This is intended to be my personal note of what I will do after installing Fedora Silverblue.
But why does it have to be Fedora Silverblue?
Because it's so simple to use, i.e., it's so simple to debug, since the core is immutable and the update process is atomic. Moreover, as almost everything is being layered on the base system, you can start anew easily without affecting the base system in anyway, doesn't leave any residues, etc. even the config files...
Basically, it's a system that you or your mom/grandma can't break.
Table of Contents
- Enable Transparent Disk Compression
- Using a Secure DNS Resolver
- Enable BBR, a Better Network Congestion Control Algorithm
- Enable
ptrace_scope = 1 - Changing the Default ZRAM Configuration
- Enable RPM Fusion for Nonfree Codecs
- Removing All the Apps From Fedora’s Flatpak and Disable the Repo Entirely From the App Store
- Removing All the Unused Apps From the Default Image (Base System)
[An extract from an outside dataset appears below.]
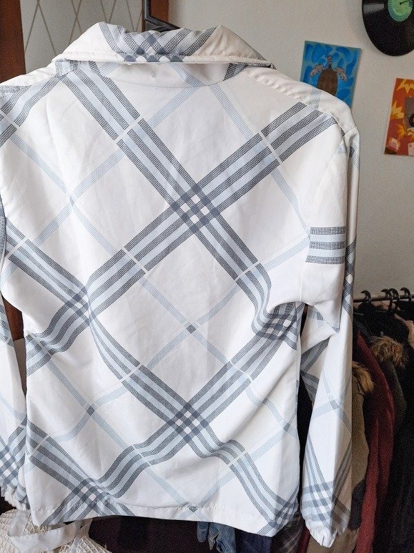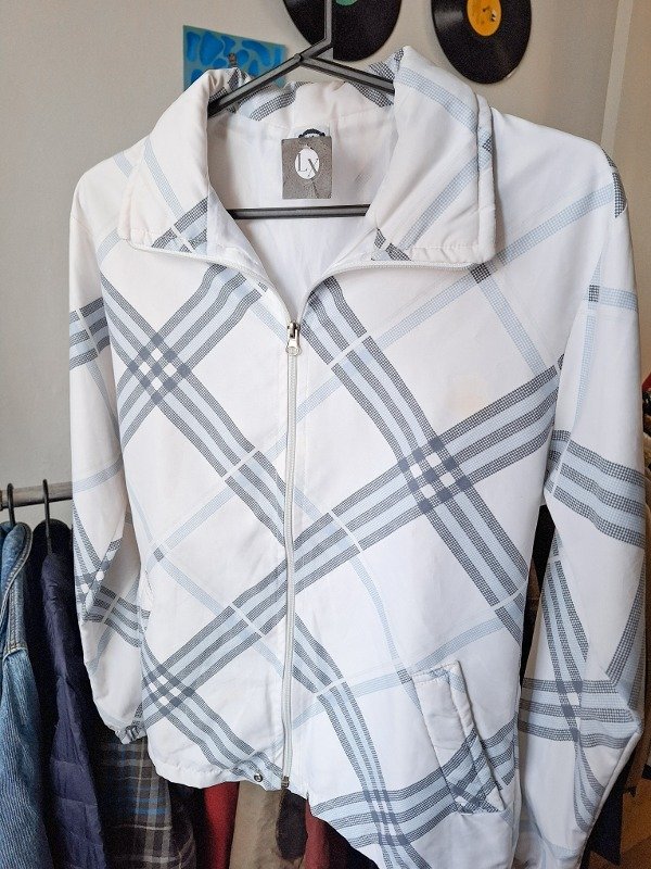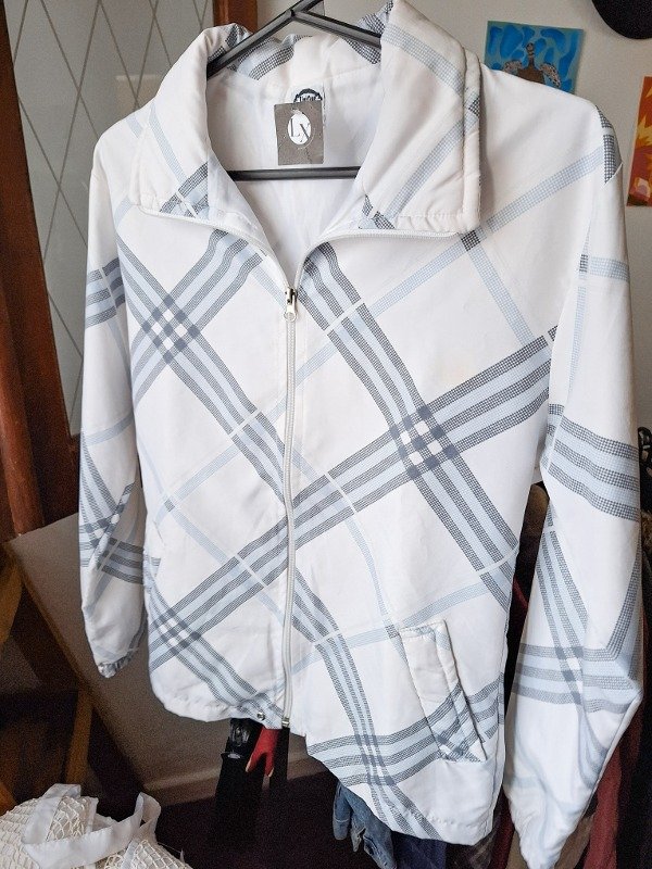 𝗗𝗲𝘀𝗰𝗿𝗶𝗽𝗰𝗶𝗼𝗻: Campera deportiva blanca con líneas en tono celeste hermoso, con bolsillos, muy cómoda y practica para el día a día, con una pequeña marchita en el pecho, a simple vista no se ve, pero esta.

- Enable the System’s Auto-Update
1. Enable Transparent Disk Compression
Sadly, this technology that's available natively with Btrfs file system that the system uses is not enabled by default.
As someone who wants to save his disk space whenever it's possible, so I enable it.
First, find out your current kernel boot parameters (to avoid duplicates):
rpm-ostree kargs
It should return many parameters, including rootflags=subvol=root to which is our target for enabling the compression.
You can simply append your custom parameters after the ones from the default configuration that's can't be replaced or deleted for obvious reason like this:
sudo rpm-ostree kargs --append="rootflags=subvol=root,compress=zstd:1"
Then, reboot the system for it to take effect.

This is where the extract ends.